Content uploaded by Rick Davies
Author content
All content in this area was uploaded by Rick Davies on Sep 19, 2020
Content may be subject to copyright.
1
Evaluating the future
Rick Davies, 2020 06 16
“The future is already here – it's just not evenly distributed”
William Gibson, The Economist, December 4, 2003
Background: This paper was written as part of my preparations for a podcast of the above title,
following a request from the EU’s Evaluation Support Service.

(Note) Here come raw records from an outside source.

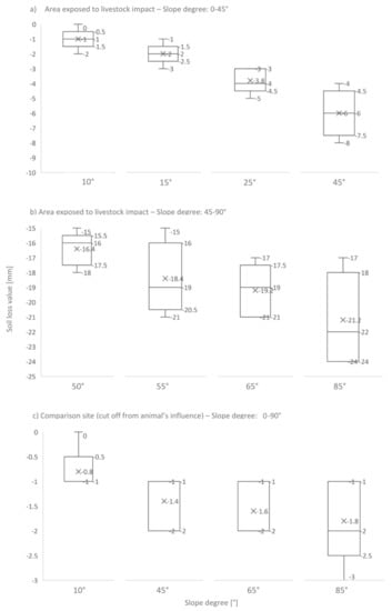 A boxplot of the data from the soil loss experiment according to the slope’s degree of inclination. Values from the exposed (a,b) and comparison areas (c).
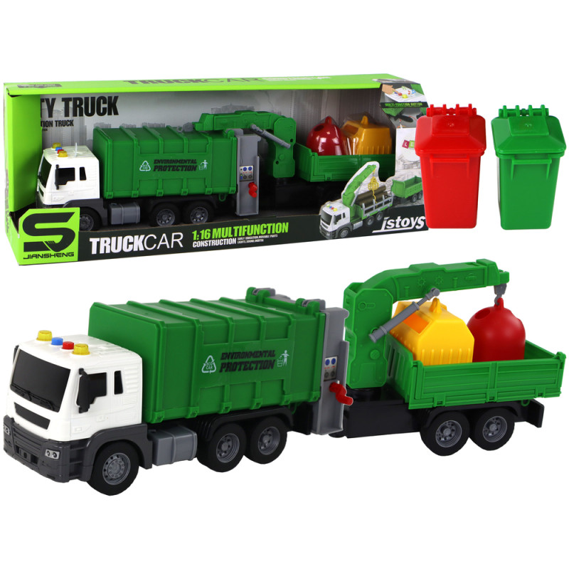 Ciężarówka Śmieciarka Z Dźwigiem Napęd Frykcyjny Zielona 1:16
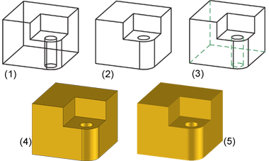 (1) Glasmodell, (2) Hidden-Line, (3) Hidden-Line gestrichelt, (4) Schattiert mit Kanten, (5) Schattiert ohne Kanten
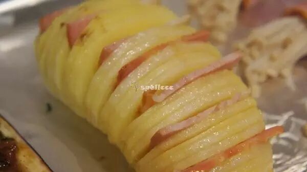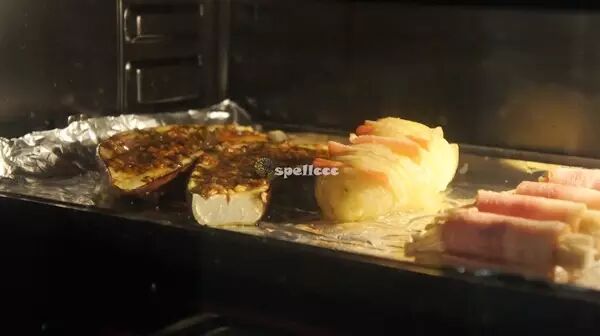 培根切片,切得稍许有大有小一些,小的放在土豆边上,大的放在中间。
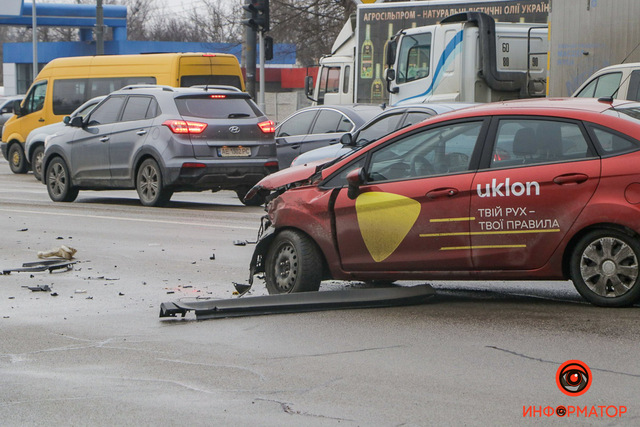 В субботу, 12 февраля, на Слобожанском проспекте случилось ДТП. Тут столкнулись BMW и такси Uklon.
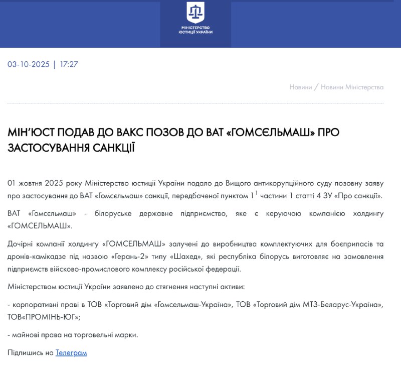 Минюст Украины указывает, что причиной иска стало то, что дочерние компании холдинга “Гомсельмаш” привлечены к производству комплектующих для боеприпасов и дронов-камикадзе под названием “Герань-2” типа “Шахед“, которые Беларусь производит по заказу предприятий военно-промышленного комплекса России.
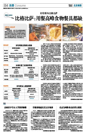 比格比萨东直门店的产品种类相对较少,还是以比萨及水果沙拉为主,但是比萨方面也有创新和改良,这里的比萨以薄饼类为主,还推出了榴莲比萨等新品,经常出现一端上台就被抢光的情况。比格还在店内设有比萨DIY专区,消费者可根据需求自行搭配比萨所需食材,再交由工作人员烘烤。该店的比萨只有12寸一种,消费者若选择DIY则必须吃完,若实在吃不完可以带走,但是要另外支付比萨的费用(59元/个)。
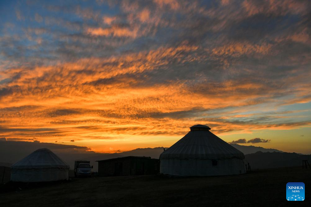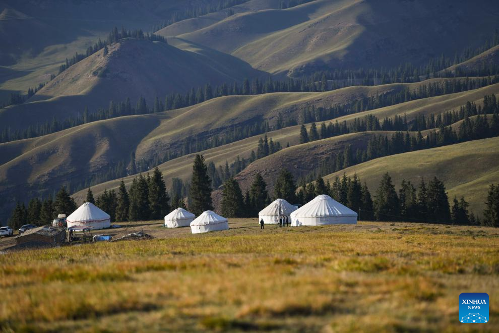 This photo shows tourists at a homestay at Solbastiao alpine pasture in the Tianshan Mountains area in Miaoergou Township of Changji, northwest China's Xinjiang Uygur Autonomous Region, Aug. 13, 2023. (Xinhua/Hu Huhu)
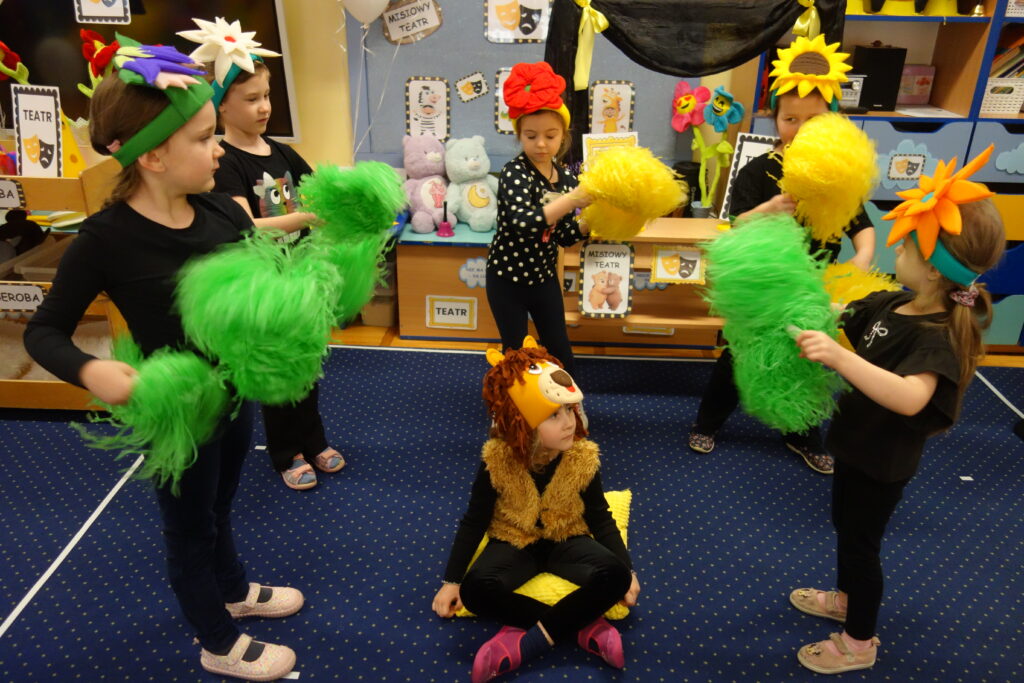 Tak przygotowani kandydaci mogli w końcu sprostać ważnemu zadaniu, jakim było wystawienie sztuki o małym lwie Leonku, który zgubił mamę. Aktorzy zostali więc obsadzeni w rolach głównych i drugoplanowych, z garderoby zostały dostarczone kostiumy i rekwizyty, odbyła się próba spektaklu. Sztuka, obfitująca w „moc emocji”, ale kończąca się happy endem, okazała się wielkim sukcesem Misiaków. Pani reżyser nie posiadała się ze szczęścia i dumy, że Misiowy Teatr zyskał takich wspaniałych aktorów. Wszyscy artyści bez wyjątku otrzymali angaże i honoraria wypłacone „w ciasteczkach”. Plus mały bonusik: wyjątkową możliwość zobaczenia na scenie dyrektorek castingu i pani reżyser w inscenizacji wiersza J. Brzechwy „Żuk”. Zgodnie z założeniem, okazało się, że tego dnia emocji była cała moc. Kto wie, może przedszkolne zabawy okażą się tym ważkim momentem, który zadecyduje, że kiedyś ujrzymy jakiegoś Troskliwego Misia na scenie prawdziwego teatru. Takie rzeczy się zdarzają!
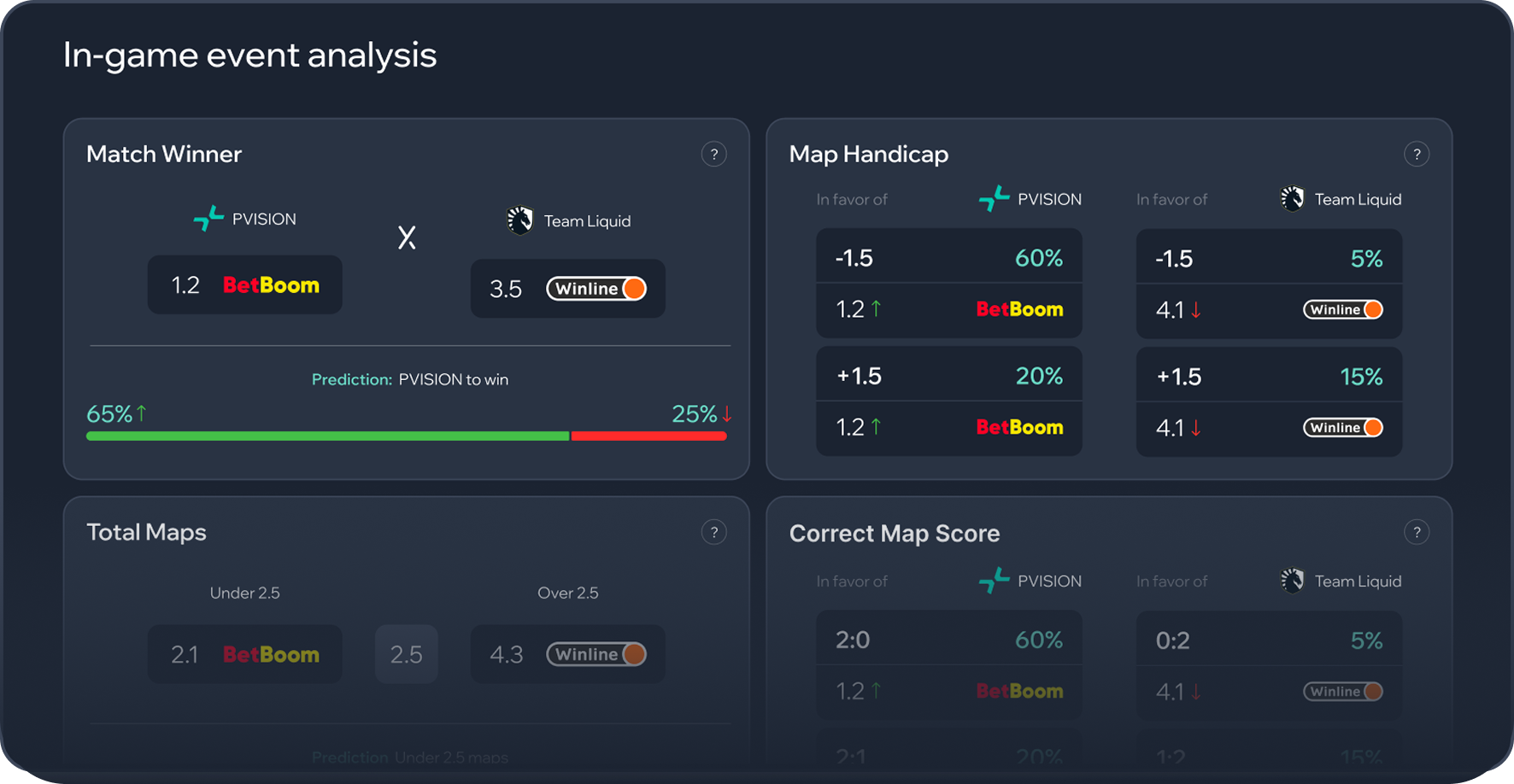 We cover all key events: match winner, total maps, map handicap, exact score, and individual map outcomes. For CS2, round handicaps and totals are also available. We are constantly expanding the list of available events!
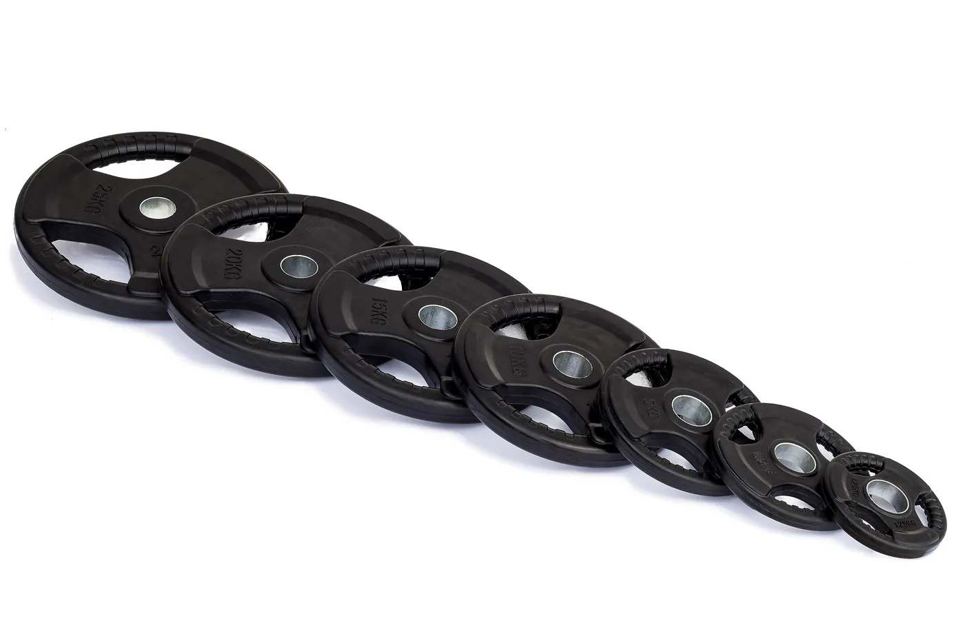 Profesionální pogumované olympijské kotouče s úchopy jsou vhodné pro všechny typy činek s průměrem 50 mm. Kotouče mají kvalitní povrchovou úpravu pogumováním se zvýšenou odolností proti opotřebení a zvýšenou trvanlivostí zaručující akustický komfort a odolnost. Kotouče jsou určené pro komerční i domácí využití. Ergonomický úchop umožňuje bezpečnější a snadnější manipulaci.
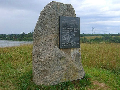 При подъезде к даче стоит памятный камень в память о художниках, работающих на удомской земле.
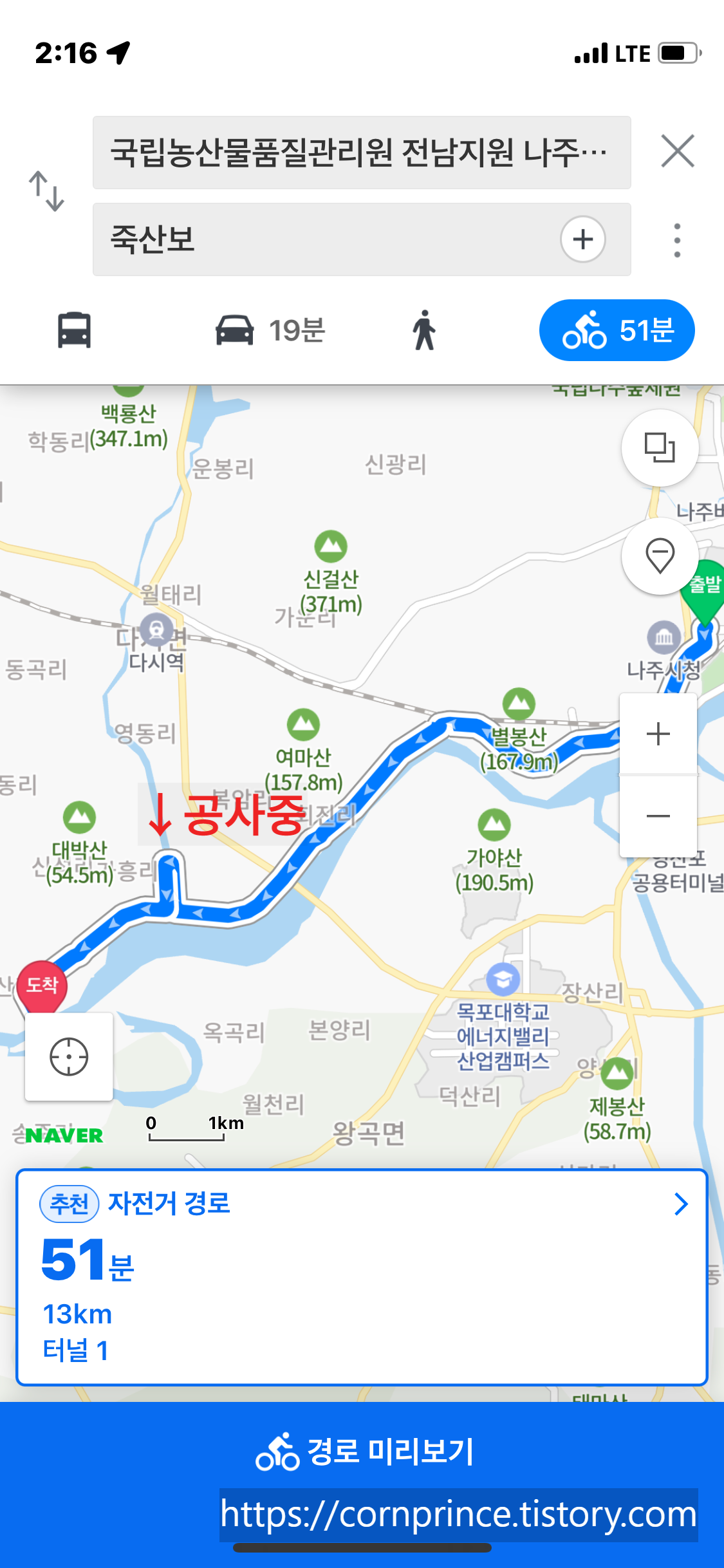 죽산보까지 가고 싶었는데, 아래 지도에 표시한 다리가 공사 중이어서 끊겼다. 아쉽지만, 복암리까지 갔다가 다시 돌아왔다.

The overall theme of the podcast
series was ‘How can evaluation practice be adapted in the face of the global pandemic?‘
In the recorded podcast which you can find here, I began by making these points in summary:
1. My recommendations are orientated not specifically to the pandemic, but to the wider issue
of how we respond to uncertain and unpredictable events. The pandemic and its various
manifestations, as seen in and by different countries, is an exemplar of these kinds of
events.
2. My recommendations are of two kinds. The first is that we need a lot more practice in
thinking about multiple alternative futures, rather than one desirable future. The second is
that we will also need to think a lot more about how to evaluate those alternative futures.
This is a kind of ‘evaluative thinking ‘which up to now does not seem to have received much
attention.
The rest of this paper is about these two recommendations, but particularly about how we evaluate
alternative futures.
Today I am going to talk about evaluating the future.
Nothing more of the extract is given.